> REQUIRED ACTION: Write out the lines below exactly, beginning at the one with "在海拔4000多米的高原爬山" and stopping after the one with "이 때 선풍기가 툭하고"; the pictures are not copied.
··········
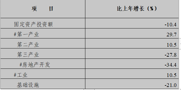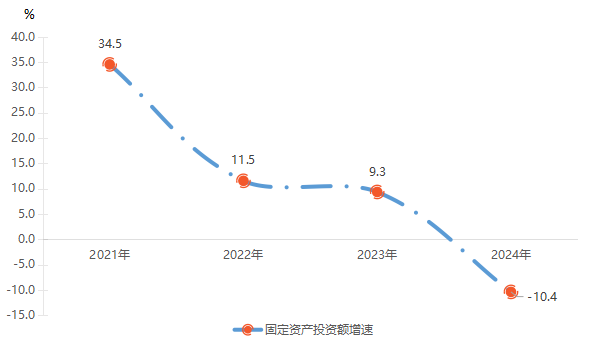 全年全社会固定资产投资下降10.4%,比2020年增长47%,2021-2024年年均增长10.1%,2021-2024年固定资产投资增速见图7。分产业看,第一产业投资增长29.7%;第二产业投资增长10.5%;第三产业投资下降27.8%。分领域看,工业投资增长10.5%;房地产开发投资下降34.4%,基础设施投资下降21%。(见表4)
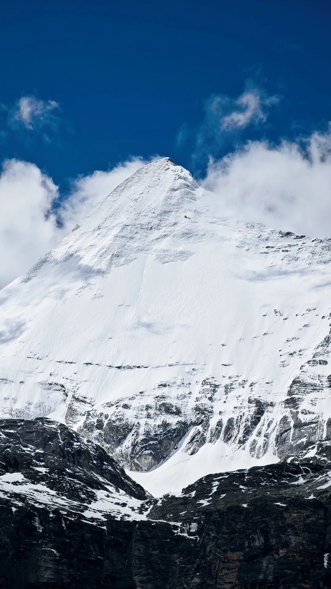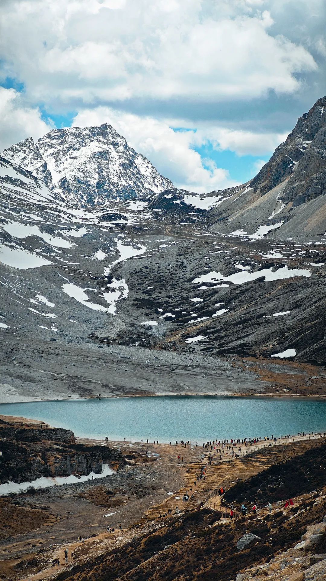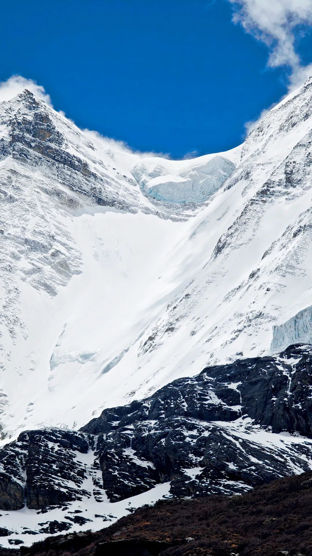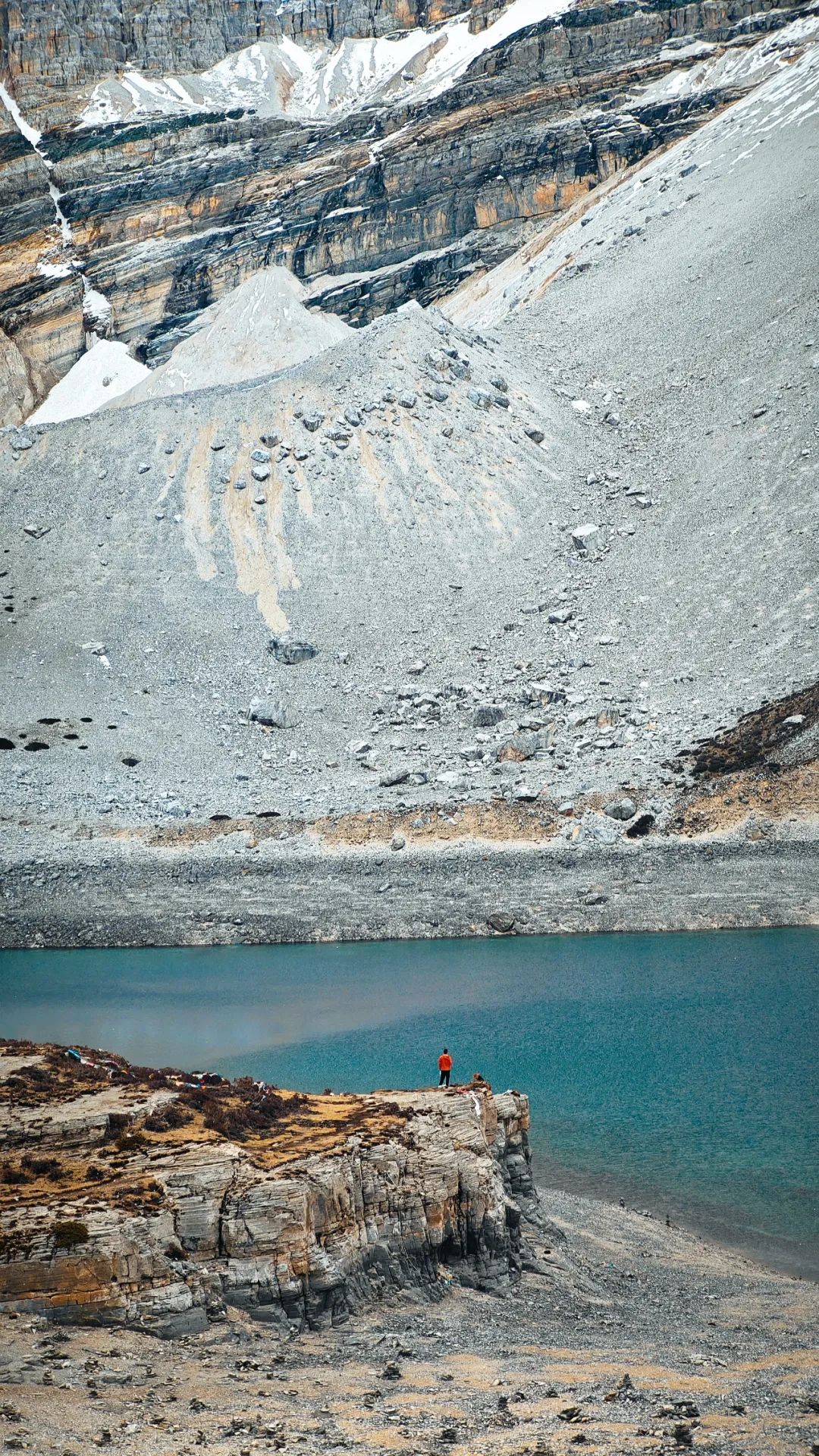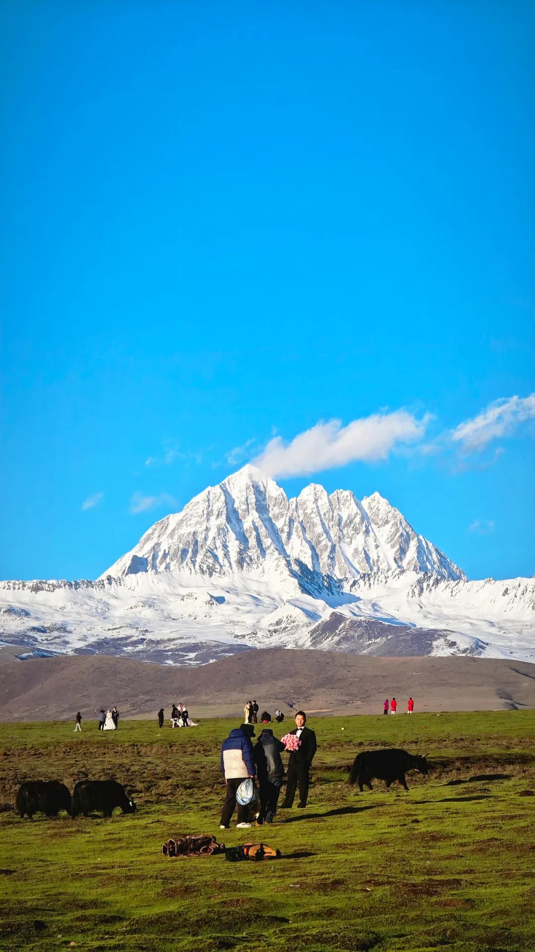 在海拔4000多米的高原爬山道上,我们上演真实的一步一喘气五步一吸氧,活像一群老式拖拉机开在盘山公路。路两边,雪线以上的雪山一眼望不到头,白花花的冰川在太阳底下亮得刺眼,裂缝阴影处藏着冰川独有的蓝,冷冽又神秘。雪线以下,山体裸露嶙峋,黑褐色的高山杜鹃东一丛西一丛,跟灰白色的岩石掺在一起,看着有点扎眼,却又透着一股倔强的生命力。在呼呼的喘气声中,我们这沿途的行人,倒像是闯进了一幅没上色完的粗犷水墨画里。
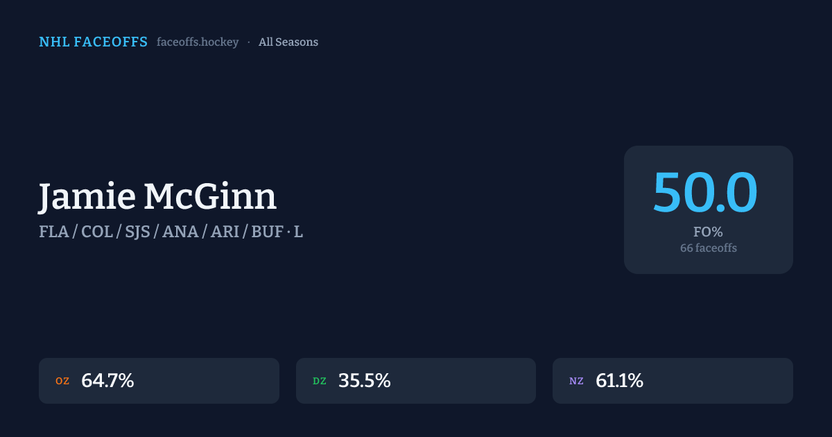 Jamie McGinn has a 2018-19 faceoff win percentage of 100.0% across 1 faceoffs in the 2018-19 season. Best zone: Neutral (100.0%).
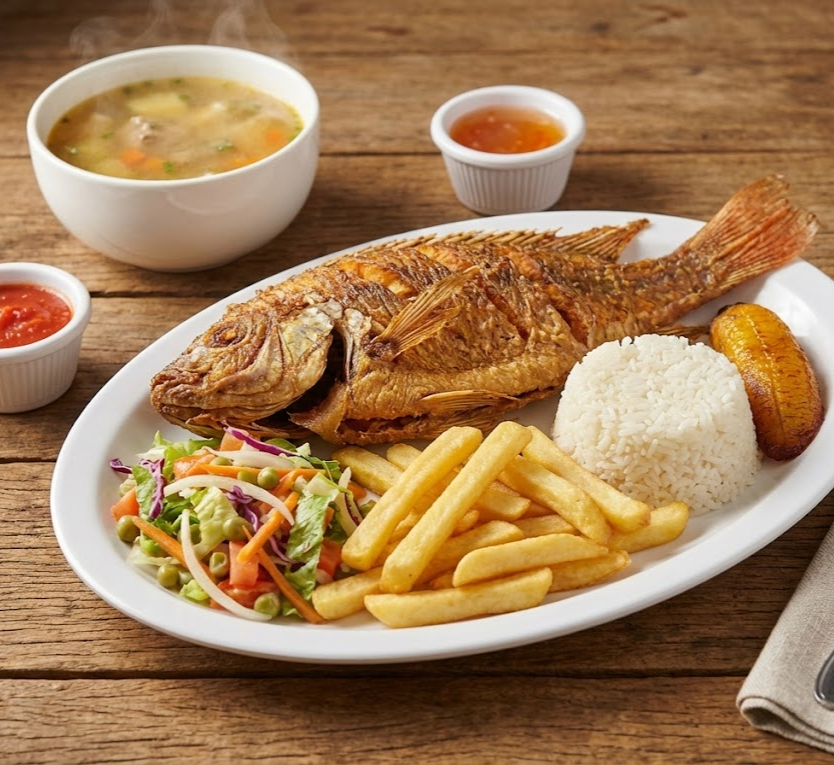 Mojarra Frita + Arroz + Papas a la francesa + Ensalada + Sopa del día. Un almuerzo completo, fresco y preparado al momento
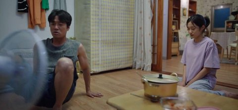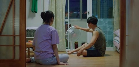 이 때 선풍기가 툭하고 고개를 떨구는 장면,
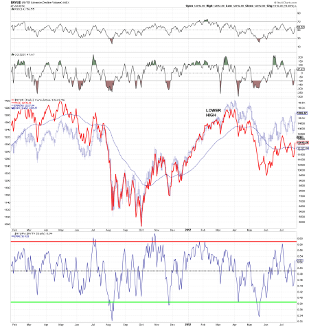First chart is the up down volume cumulative line. This index peaked in February 2011 and made a secondary high in late March 2012. So far it is lower highs since 2/11. We need to break this trend or problems lie ahead.
··········
> SOLUTION TO THIS PROBLEM:
 在海拔4000多米的高原爬山道上,我们上演真实的一步一喘气五步一吸氧,活像一群老式拖拉机开在盘山公路。路两边,雪线以上的雪山一眼望不到头,白花花的冰川在太阳底下亮得刺眼,裂缝阴影处藏着冰川独有的蓝,冷冽又神秘。雪线以下,山体裸露嶙峋,黑褐色的高山杜鹃东一丛西一丛,跟灰白色的岩石掺在一起,看着有点扎眼,却又透着一股倔强的生命力。在呼呼的喘气声中,我们这沿途的行人,倒像是闯进了一幅没上色完的粗犷水墨画里。
 Jamie McGinn has a 2018-19 faceoff win percentage of 100.0% across 1 faceoffs in the 2018-19 season. Best zone: Neutral (100.0%).
 Mojarra Frita + Arroz + Papas a la francesa + Ensalada + Sopa del día. Un almuerzo completo, fresco y preparado al momento
 이 때 선풍기가 툭하고 고개를 떨구는 장면,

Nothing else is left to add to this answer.